Trella Anna L, Zhang Kelly W, Nahum-Shani Inbal, Shetty Vivek, Doshi-Velez Finale, Murphy Susan A
School of Engineering and Applied Sciences, Harvard University, Cambridge, MA 02420, USA.
Institute for Social Research, University of Michigan, Ann Arbor, MI 48109, USA.
Algorithms. 2022 Aug;15(8). doi: 10.3390/a15080255. Epub 2022 Jul 22.
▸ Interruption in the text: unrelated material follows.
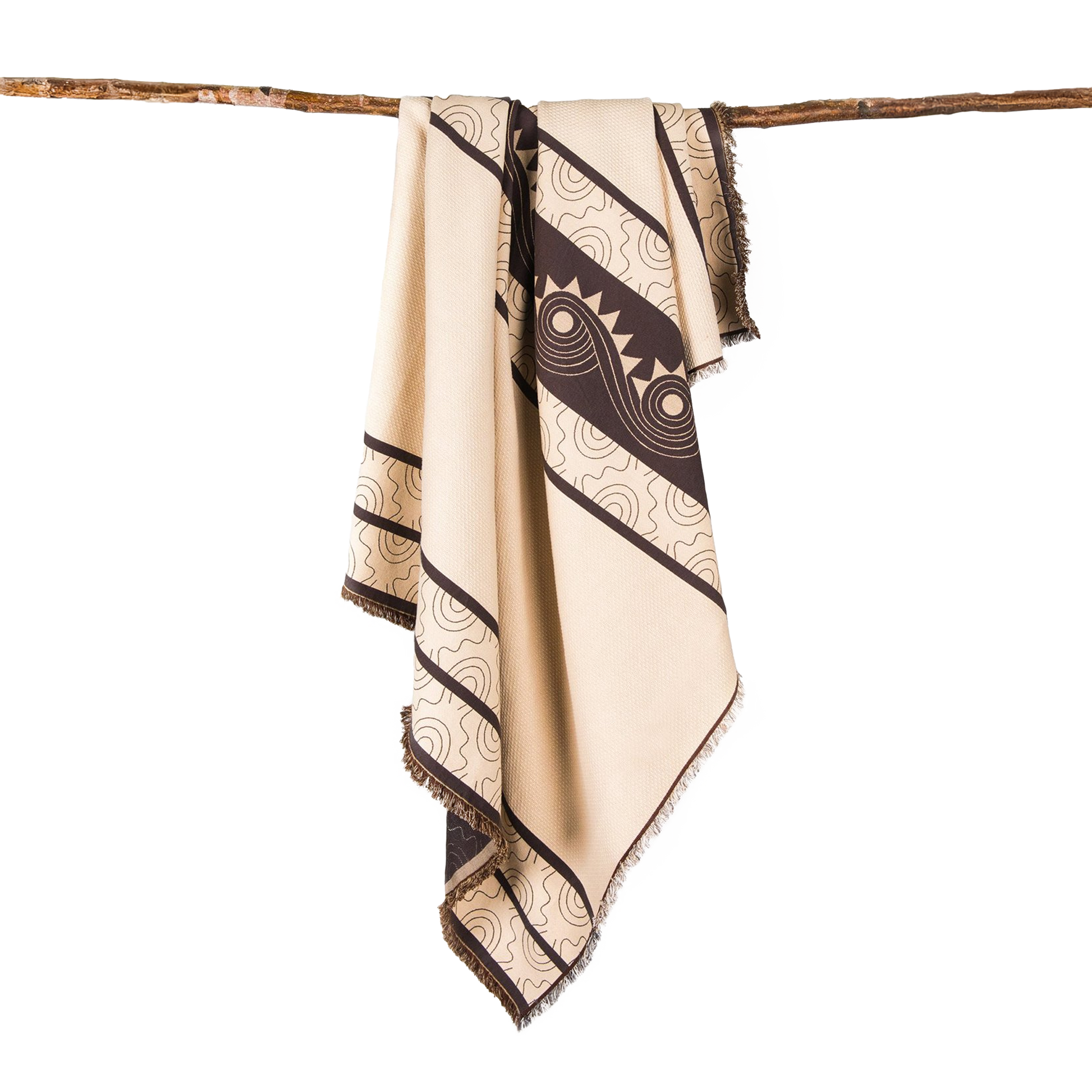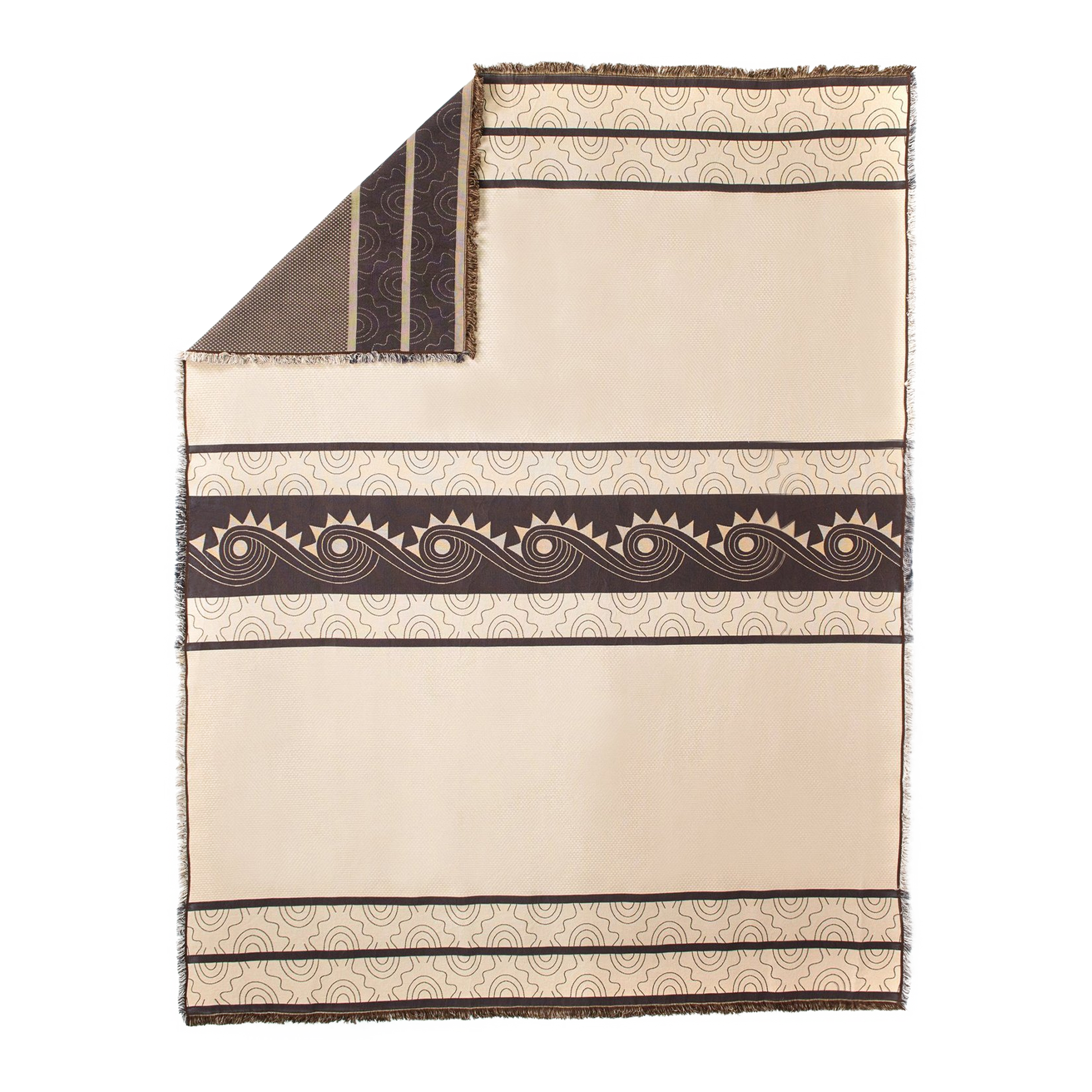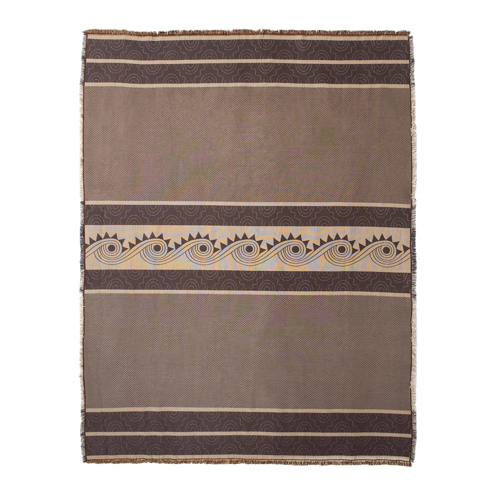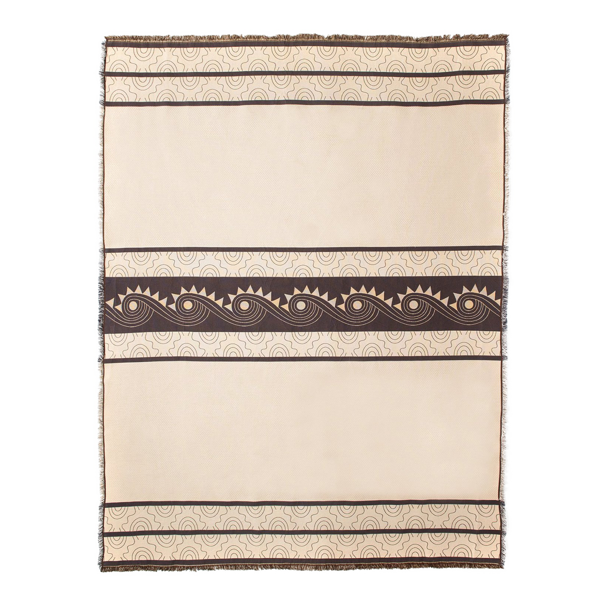Sweeping across the center of the blanket is Wind, Mahli, bringing both the fluid curvatures of change and the sharp edges of the unexpected, an integral revival of ancient motifs of Chickasaw mound builders.

Online reinforcement learning (RL) algorithms are increasingly used to personalize digital interventions in the fields of mobile health and online education. Common challenges in designing and testing an RL algorithm in these settings include ensuring the RL algorithm can learn and run stably under real-time constraints, and accounting for the complexity of the environment, e.g., a lack of accurate mechanistic models for the user dynamics. To guide how one can tackle these challenges, we extend the PCS (predictability, computability, stability) framework, a data science framework that incorporates best practices from machine learning and statistics in supervised learning to the design of RL algorithms for the digital interventions setting. Furthermore, we provide guidelines on how to design simulation environments, a crucial tool for evaluating RL candidate algorithms using the PCS framework. We show how we used the PCS framework to design an RL algorithm for Oralytics, a mobile health study aiming to improve users' tooth-brushing behaviors through the personalized delivery of intervention messages. Oralytics will go into the field in late 2022.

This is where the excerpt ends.